►
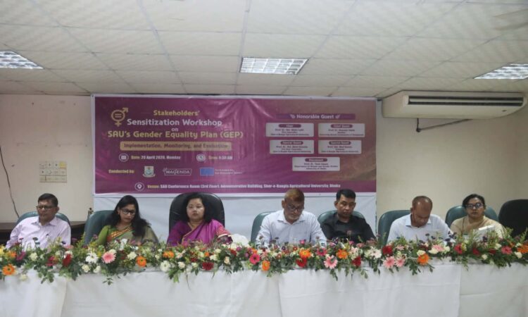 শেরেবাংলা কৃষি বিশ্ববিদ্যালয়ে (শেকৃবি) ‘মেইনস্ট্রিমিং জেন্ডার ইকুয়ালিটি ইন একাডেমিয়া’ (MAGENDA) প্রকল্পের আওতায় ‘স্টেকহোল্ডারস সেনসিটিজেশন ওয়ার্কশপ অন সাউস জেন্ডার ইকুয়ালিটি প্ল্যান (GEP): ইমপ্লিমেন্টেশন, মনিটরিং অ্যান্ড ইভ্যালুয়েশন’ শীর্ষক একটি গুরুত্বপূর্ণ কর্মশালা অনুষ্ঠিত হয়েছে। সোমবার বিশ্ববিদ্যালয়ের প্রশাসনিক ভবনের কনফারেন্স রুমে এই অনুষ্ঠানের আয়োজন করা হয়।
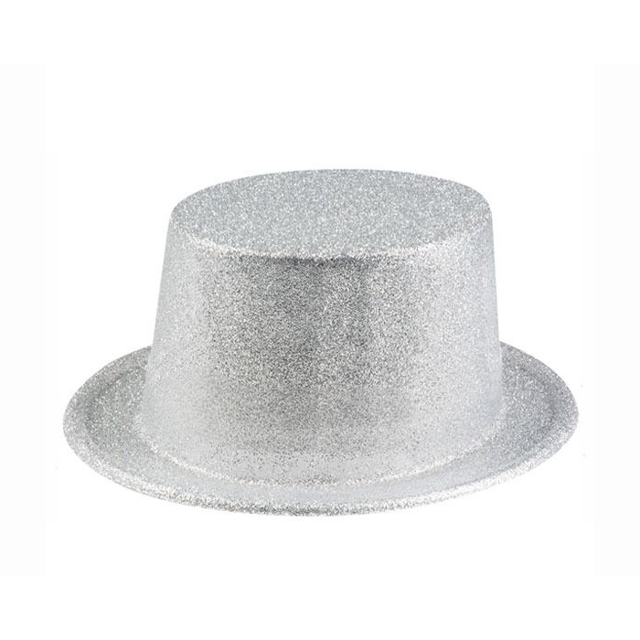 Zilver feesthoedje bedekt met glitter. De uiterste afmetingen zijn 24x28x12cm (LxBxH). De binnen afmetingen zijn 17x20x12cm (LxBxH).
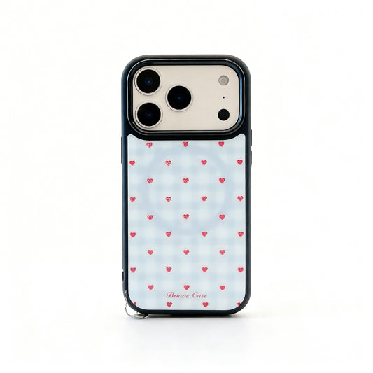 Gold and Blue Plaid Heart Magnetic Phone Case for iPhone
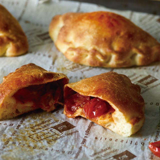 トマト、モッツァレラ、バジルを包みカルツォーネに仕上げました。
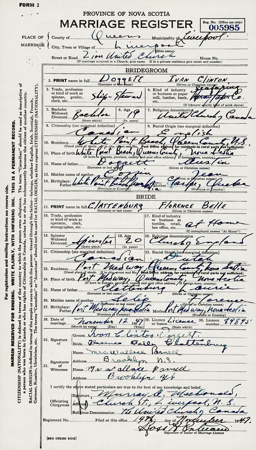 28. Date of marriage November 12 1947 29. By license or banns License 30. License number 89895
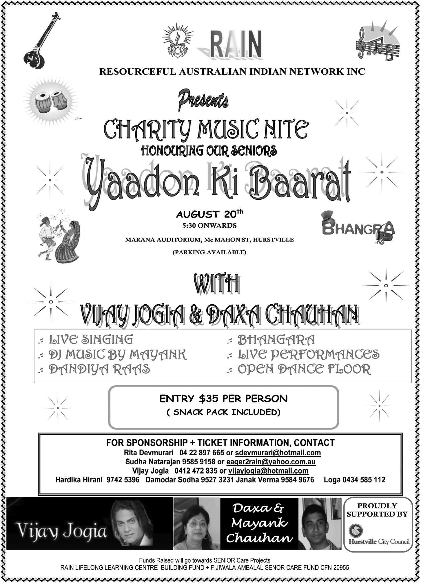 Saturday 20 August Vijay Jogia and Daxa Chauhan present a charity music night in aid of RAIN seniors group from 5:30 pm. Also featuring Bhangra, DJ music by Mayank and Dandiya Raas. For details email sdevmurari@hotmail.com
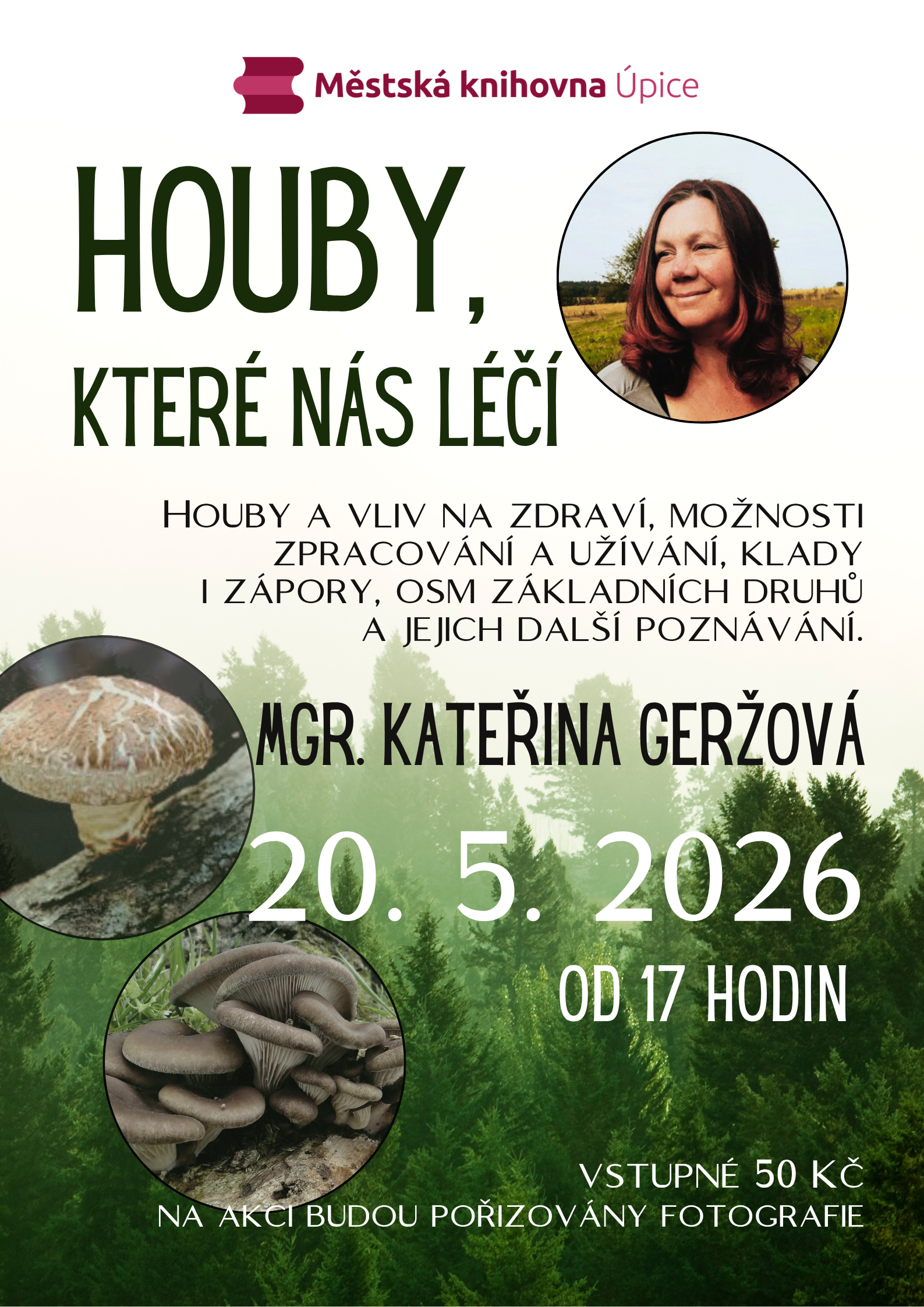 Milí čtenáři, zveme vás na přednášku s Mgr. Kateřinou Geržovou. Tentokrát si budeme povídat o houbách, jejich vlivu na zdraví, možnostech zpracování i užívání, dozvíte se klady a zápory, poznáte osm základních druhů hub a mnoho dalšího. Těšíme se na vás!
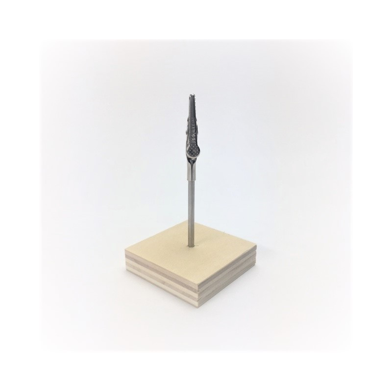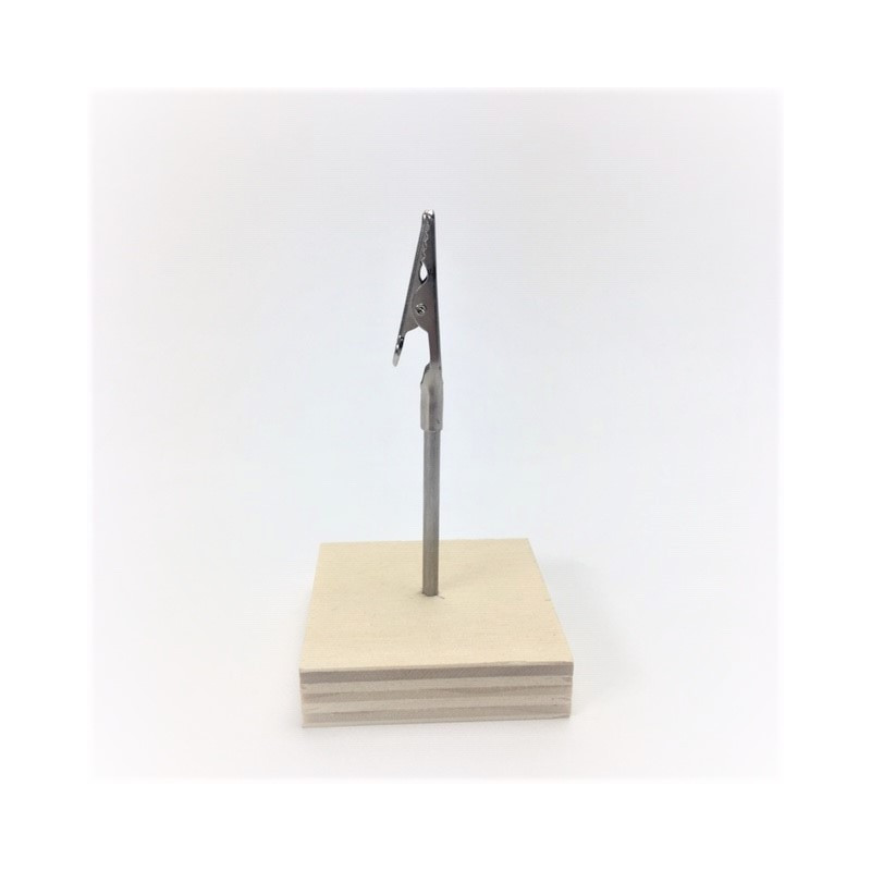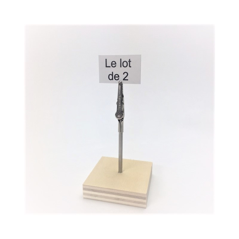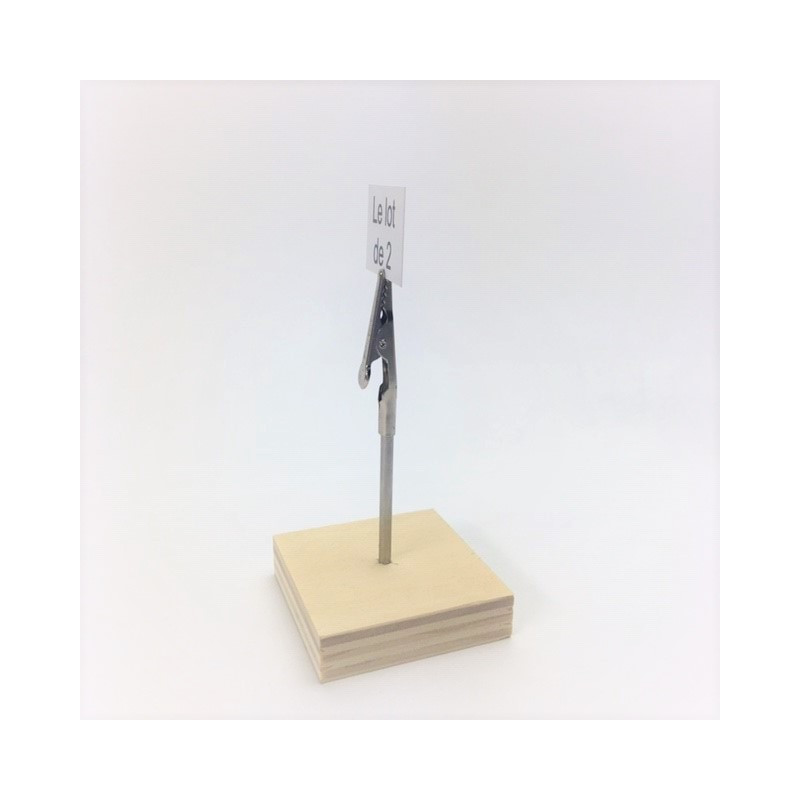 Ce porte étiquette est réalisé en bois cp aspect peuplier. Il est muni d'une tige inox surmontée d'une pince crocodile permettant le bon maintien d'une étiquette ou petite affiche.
◄
►
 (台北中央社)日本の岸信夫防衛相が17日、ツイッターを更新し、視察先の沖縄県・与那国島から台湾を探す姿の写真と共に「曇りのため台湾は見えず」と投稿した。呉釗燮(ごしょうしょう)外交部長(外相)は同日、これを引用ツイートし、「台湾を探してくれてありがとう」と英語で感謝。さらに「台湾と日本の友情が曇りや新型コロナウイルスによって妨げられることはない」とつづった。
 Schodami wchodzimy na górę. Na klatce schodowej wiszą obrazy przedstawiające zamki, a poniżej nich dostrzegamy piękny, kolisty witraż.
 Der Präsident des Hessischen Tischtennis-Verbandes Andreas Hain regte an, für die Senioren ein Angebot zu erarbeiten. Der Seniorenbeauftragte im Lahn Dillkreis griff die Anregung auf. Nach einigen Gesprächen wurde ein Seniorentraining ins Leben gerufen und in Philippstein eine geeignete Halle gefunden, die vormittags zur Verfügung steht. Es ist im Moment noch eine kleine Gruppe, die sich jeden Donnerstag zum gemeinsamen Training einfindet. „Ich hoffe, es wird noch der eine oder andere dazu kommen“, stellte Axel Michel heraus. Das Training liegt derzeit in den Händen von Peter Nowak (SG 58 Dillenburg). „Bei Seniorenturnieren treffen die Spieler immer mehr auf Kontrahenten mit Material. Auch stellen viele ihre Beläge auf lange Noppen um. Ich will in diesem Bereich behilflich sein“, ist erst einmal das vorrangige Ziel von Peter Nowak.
◄
►
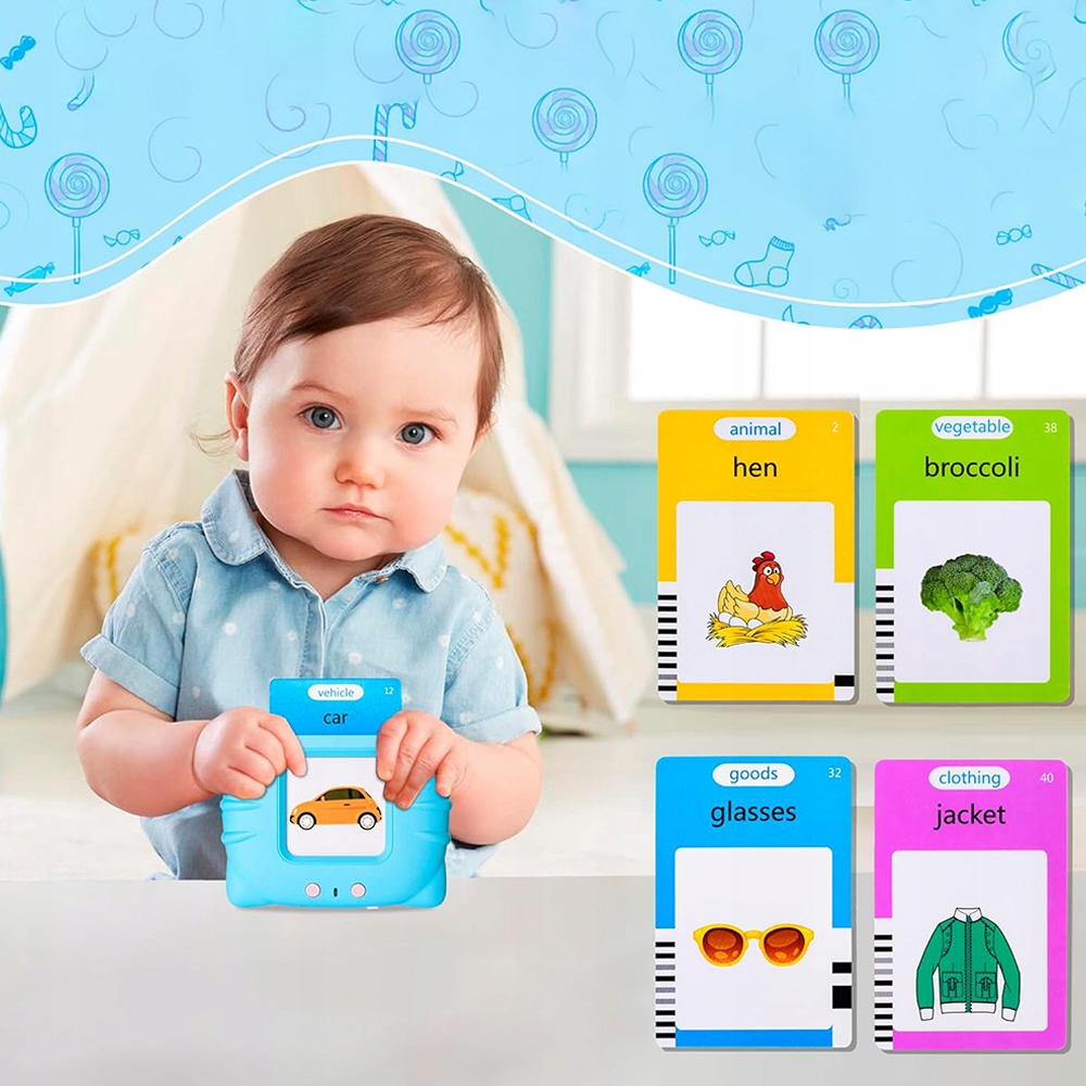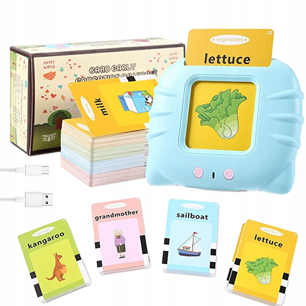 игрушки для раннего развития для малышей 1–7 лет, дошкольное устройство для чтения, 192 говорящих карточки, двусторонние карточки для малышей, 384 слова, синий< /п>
◄
Instructions to follow
Write out word for word the lines above that run from the one with "শেরেবাংলা কৃষি বিশ্ববিদ্যালয়ে" to the one with "Milí čtenáři, zveme". Include both end lines; exclude the images.

Output of the exercise
 শেরেবাংলা কৃষি বিশ্ববিদ্যালয়ে (শেকৃবি) ‘মেইনস্ট্রিমিং জেন্ডার ইকুয়ালিটি ইন একাডেমিয়া’ (MAGENDA) প্রকল্পের আওতায় ‘স্টেকহোল্ডারস সেনসিটিজেশন ওয়ার্কশপ অন সাউস জেন্ডার ইকুয়ালিটি প্ল্যান (GEP): ইমপ্লিমেন্টেশন, মনিটরিং অ্যান্ড ইভ্যালুয়েশন’ শীর্ষক একটি গুরুত্বপূর্ণ কর্মশালা অনুষ্ঠিত হয়েছে। সোমবার বিশ্ববিদ্যালয়ের প্রশাসনিক ভবনের কনফারেন্স রুমে এই অনুষ্ঠানের আয়োজন করা হয়।
 Zilver feesthoedje bedekt met glitter. De uiterste afmetingen zijn 24x28x12cm (LxBxH). De binnen afmetingen zijn 17x20x12cm (LxBxH).
 Gold and Blue Plaid Heart Magnetic Phone Case for iPhone
 トマト、モッツァレラ、バジルを包みカルツォーネに仕上げました。
 28. Date of marriage November 12 1947 29. By license or banns License 30. License number 89895
 Saturday 20 August Vijay Jogia and Daxa Chauhan present a charity music night in aid of RAIN seniors group from 5:30 pm. Also featuring Bhangra, DJ music by Mayank and Dandiya Raas. For details email sdevmurari@hotmail.com
 Milí čtenáři, zveme vás na přednášku s Mgr. Kateřinou Geržovou. Tentokrát si budeme povídat o houbách, jejich vlivu na zdraví, možnostech zpracování i užívání, dozvíte se klady a zápory, poznáte osm základních druhů hub a mnoho dalšího. Těšíme se na vás!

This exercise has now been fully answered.